Mevaker: Conclusion Extraction and Allocation Resources for the Hebrew Language

Vitaly Shalumov,Harel Haskey,Yuval Solaz
2024-03-12
Abstract:In this paper, we introduce summarization MevakerSumm and conclusion extraction MevakerConc datasets for the Hebrew language based on the State Comptroller and Ombudsman of Israel reports, along with two auxiliary datasets. We accompany these datasets with models for conclusion extraction (HeConE, HeConEspc) and conclusion allocation (HeCross). All of the code, datasets, and model checkpoints used in this work are publicly available.
Computation and Language,Artificial Intelligence
What problem does this paper attempt to address?
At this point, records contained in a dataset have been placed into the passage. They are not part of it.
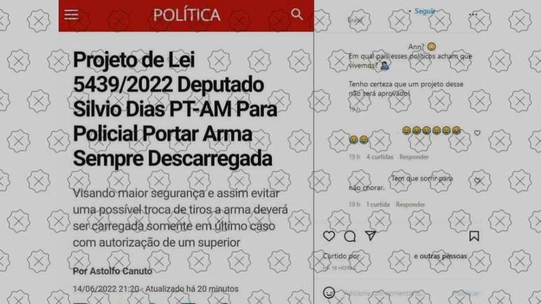 Não é verdade que um deputado federal do PT propôs um projeto de lei para determinar que policiais portem armas descarregadas, como afirmam publicações nas redes sociais (veja aqui). O parlamentar citado, Silvio Dias, não existe, tampouco um projeto com o número 5.439/2022. As postagens também simulam o design do G1, mas o site nunca publicou notícia semelhante.
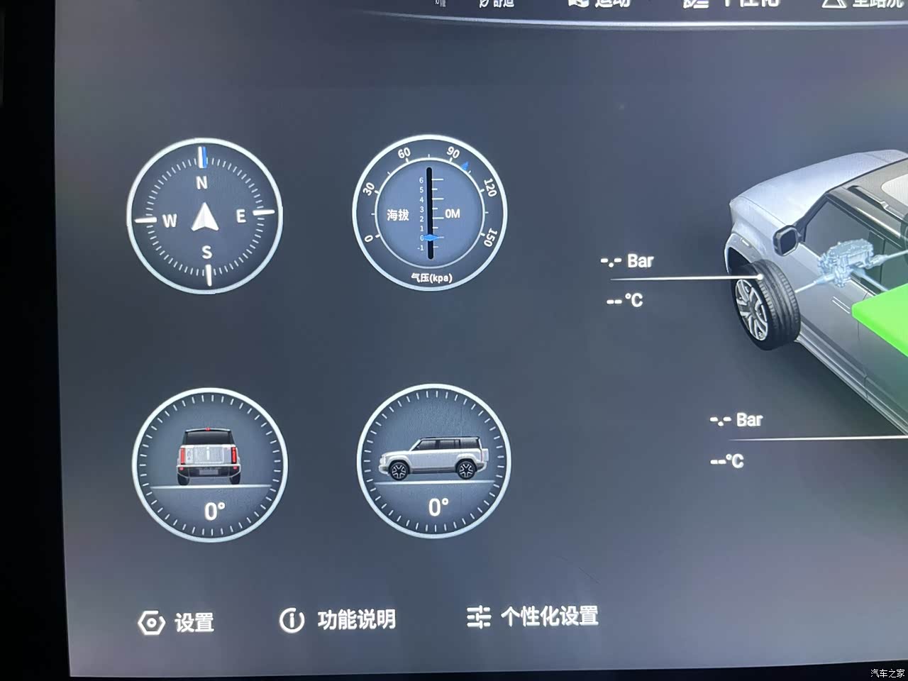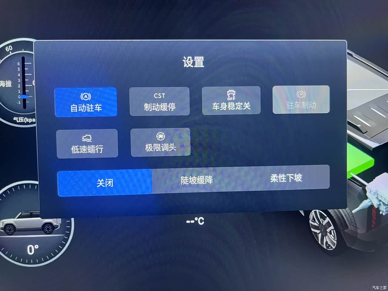 我选的是四驱乞丐版,那些智驾对我来说一点用都没有,车道辅助、主动刹车、自动驾驶什么的,不关掉也开不了山路。唯一能用的就是定速巡航。我只看重越野性能。图中的功能才是我喜欢的:有低速蠕行、极限掉头、陡坡缓降、海拔、坡度、倾斜角度。指南针我感觉没什么用,能换成气压就好了。
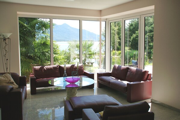 The villa is perfect for families with plenty of activities on site and in the surrounding area. You can enjoy walks on the lake, feed the swans or just enjoy the amazing view over the water and mountains. You are really away from it all. We also went skiing in Switzerland whilst staying there.
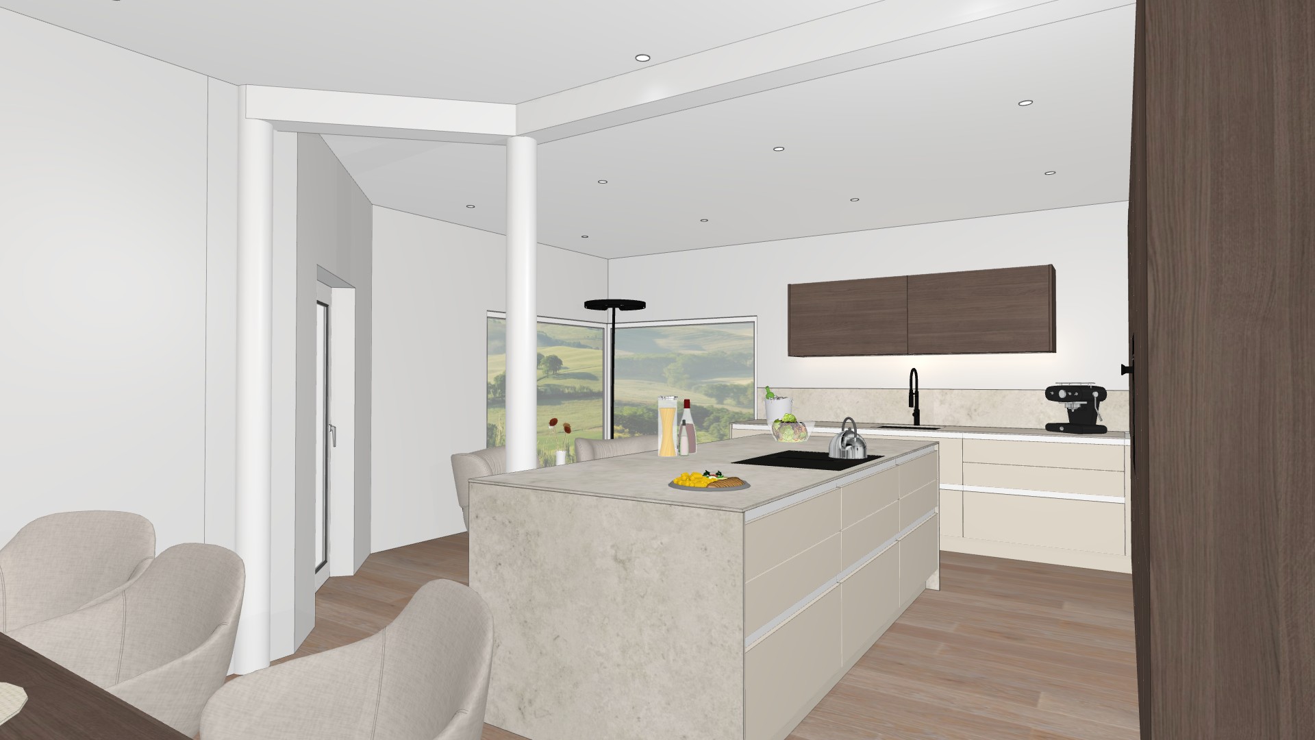 the wood is dark grey the floor fits to the wood and the worktop is made of taj mahal

This paper focuses on the extension of natural language processing (NLP) resources for Hebrew, specifically for the tasks of summarization and conclusion extraction. The researchers created two datasets: MevakerSumm for summarization generation and MevakerConc for conclusion extraction. In addition, two auxiliary datasets, MevakerConcSen and MevakerConcTree, were constructed for sentence-level conclusion detection and conclusion allocation training, respectively. In the paper, they trained two different models, HeConE and HeConEspc, for conclusion extraction, as well as a model HeCross for conclusion allocation. All codes, datasets, and models are made publicly available. The research goal is not only to increase NLP resources for Hebrew but also to provide models for less-studied tasks.